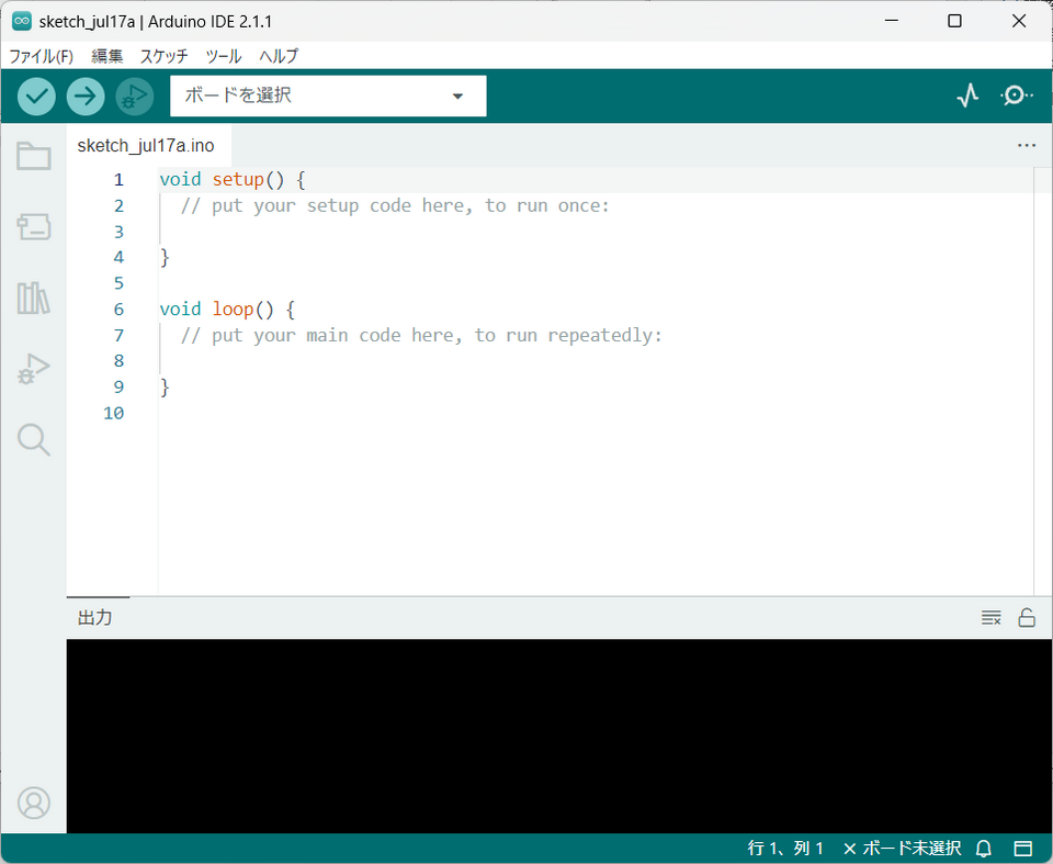 「Arduino IDEを実行」の欄をチェックしたまま「完了ボタン」をクリックすると、次に示すようにインストールしたArduino IDEが起動します。いくつかのモジュールがインストールされる様子が、画面下の「Output」で示される出力コンソールに表示されます。
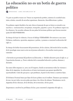 "Es tiempo de hablar francamente del presentismo, de los salarios, del estado de las escuelas, de la tecnología como nuevo actor en el proceso educativo y de acordar cuatro puntos centrales: 1-Inversión en porcentaje del producto en Educación. 2- Modelo educativo para el siglo 21. 3- Capacitación docente. 4- Nueva relación de la comunidad educativa, entre padres, alumnos y docentes".
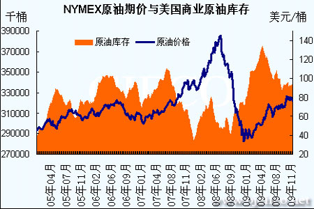 圖為NYMEX原油期價與美國商業(yè)原油庫存走勢圖。(圖片來源:北京中期)
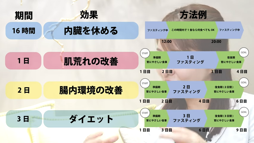 ファスティングには5日間、6日間、7日間と長期間続けるやり方や、半日~1日だけという短期間で行うやり方もあります。期間による効果の違いは以下の通りです。
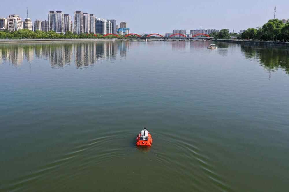 无人船在汾河太原段作业(2024年8月6日摄),它能实时掌握汾河水质状况及水质变化规律,为流域生态环境治理提供技术支撑。新华社记者杨晨光 摄
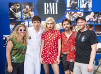 Greta Van Fleet poses for a photo with BMI’s Nina Carter and Brandon Haas during Hangout Music Festival on May 20, 2018, in Gulf Shores, Alabama. View Photo
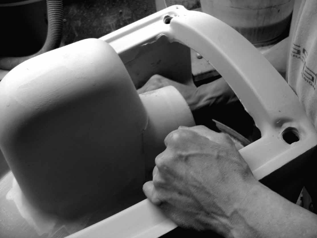 The first stage of finishing is curated by expert masters that, manually, remove all imperfections due for example to excess dough in the joints between the pieces of the mold or other causes in the modeling process.
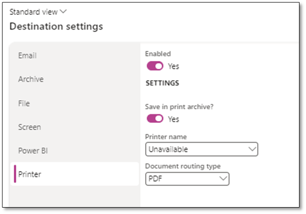 For printing documents, the Document Routing Agent must be installed and configured. After setup, network printers need to be registered in D365FO.
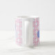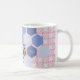 What can be better than to sip your morning coffee with your favorite couple's mug? With a honeycomb pattern of blue-toned shapes that carry editable text and photos on an abstract pink and blue pattern. Write your initials, date of marriage, or the beginning of your relationship, and add your photos. This is the perfect wedding gift or anniversary gift for loving couples.
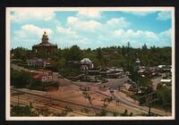 Tarjeta Postal con imagen del pueblo viejo de Auburg en California, Estados Unidos. En la parte inferior izquierda aparece una pequeña nota acerca del oro descubierto en ese pueblo.
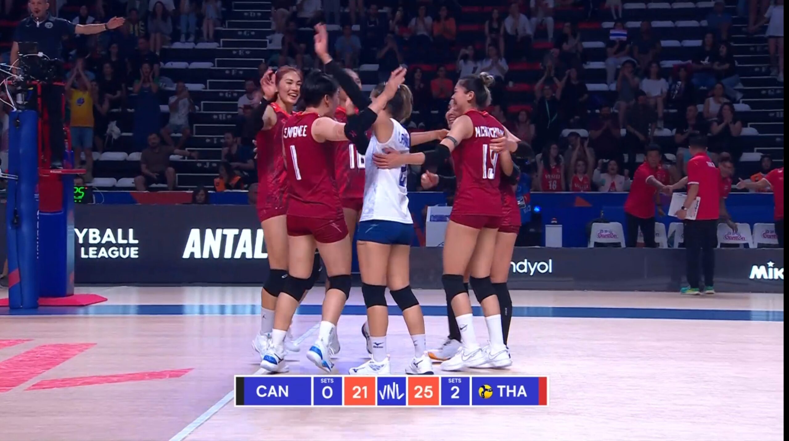 เข้าสู่ช่วงกลางเซต 10-4 แคนาดายังมีปัญหาบอลแรกไม่เข้าจุด ผิดพลาดบอลเสิร์ฟ บอลไหลหลังสองลูกติด ส่งไทยนำยาว 12-5 แม้ว่าแคนาดาจะเกมรับเหนียวขึ้น แต่ไม่อาจต้านทานความร้อนแรงของมดวิ ตบบอลทับนำยาวเป็น 15-7
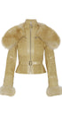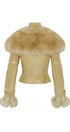 Smocked Leather Jacket with Detachable Collar
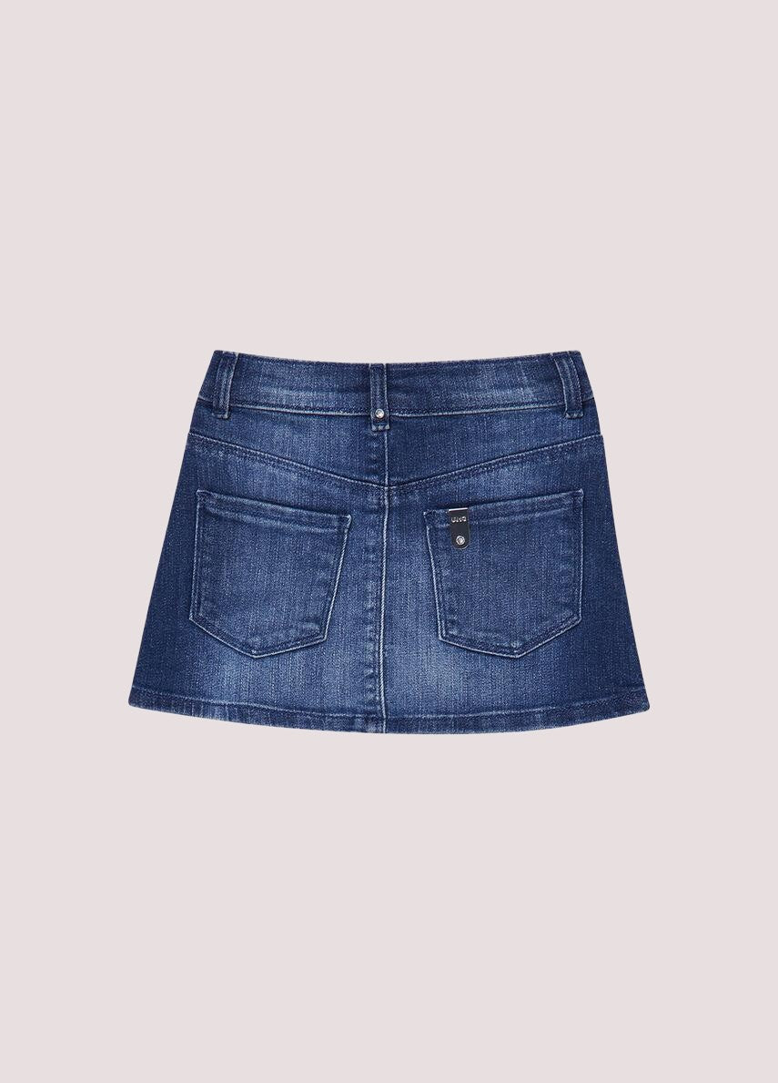 Gonna mini in denimLavaggio stonewash leggeroRicami gioielloComode tascheChiusura con bottone e zip

□ □ □

■ **The problem**
Reproduce the material word for word. Any pictures should be left out of the copy.

■ **Solution to the problem**
 「Arduino IDEを実行」の欄をチェックしたまま「完了ボタン」をクリックすると、次に示すようにインストールしたArduino IDEが起動します。いくつかのモジュールがインストールされる様子が、画面下の「Output」で示される出力コンソールに表示されます。
 "Es tiempo de hablar francamente del presentismo, de los salarios, del estado de las escuelas, de la tecnología como nuevo actor en el proceso educativo y de acordar cuatro puntos centrales: 1-Inversión en porcentaje del producto en Educación. 2- Modelo educativo para el siglo 21. 3- Capacitación docente. 4- Nueva relación de la comunidad educativa, entre padres, alumnos y docentes".
 圖為NYMEX原油期價與美國商業(yè)原油庫存走勢圖。(圖片來源:北京中期)
 ファスティングには5日間、6日間、7日間と長期間続けるやり方や、半日~1日だけという短期間で行うやり方もあります。期間による効果の違いは以下の通りです。
 无人船在汾河太原段作业(2024年8月6日摄),它能实时掌握汾河水质状况及水质变化规律,为流域生态环境治理提供技术支撑。新华社记者杨晨光 摄
 Greta Van Fleet poses for a photo with BMI’s Nina Carter and Brandon Haas during Hangout Music Festival on May 20, 2018, in Gulf Shores, Alabama. View Photo
 The first stage of finishing is curated by expert masters that, manually, remove all imperfections due for example to excess dough in the joints between the pieces of the mold or other causes in the modeling process.
 For printing documents, the Document Routing Agent must be installed and configured. After setup, network printers need to be registered in D365FO.
 What can be better than to sip your morning coffee with your favorite couple's mug? With a honeycomb pattern of blue-toned shapes that carry editable text and photos on an abstract pink and blue pattern. Write your initials, date of marriage, or the beginning of your relationship, and add your photos. This is the perfect wedding gift or anniversary gift for loving couples.
 Tarjeta Postal con imagen del pueblo viejo de Auburg en California, Estados Unidos. En la parte inferior izquierda aparece una pequeña nota acerca del oro descubierto en ese pueblo.
 เข้าสู่ช่วงกลางเซต 10-4 แคนาดายังมีปัญหาบอลแรกไม่เข้าจุด ผิดพลาดบอลเสิร์ฟ บอลไหลหลังสองลูกติด ส่งไทยนำยาว 12-5 แม้ว่าแคนาดาจะเกมรับเหนียวขึ้น แต่ไม่อาจต้านทานความร้อนแรงของมดวิ ตบบอลทับนำยาวเป็น 15-7
 Smocked Leather Jacket with Detachable Collar
 Gonna mini in denimLavaggio stonewash leggeroRicami gioielloComode tascheChiusura con bottone e zip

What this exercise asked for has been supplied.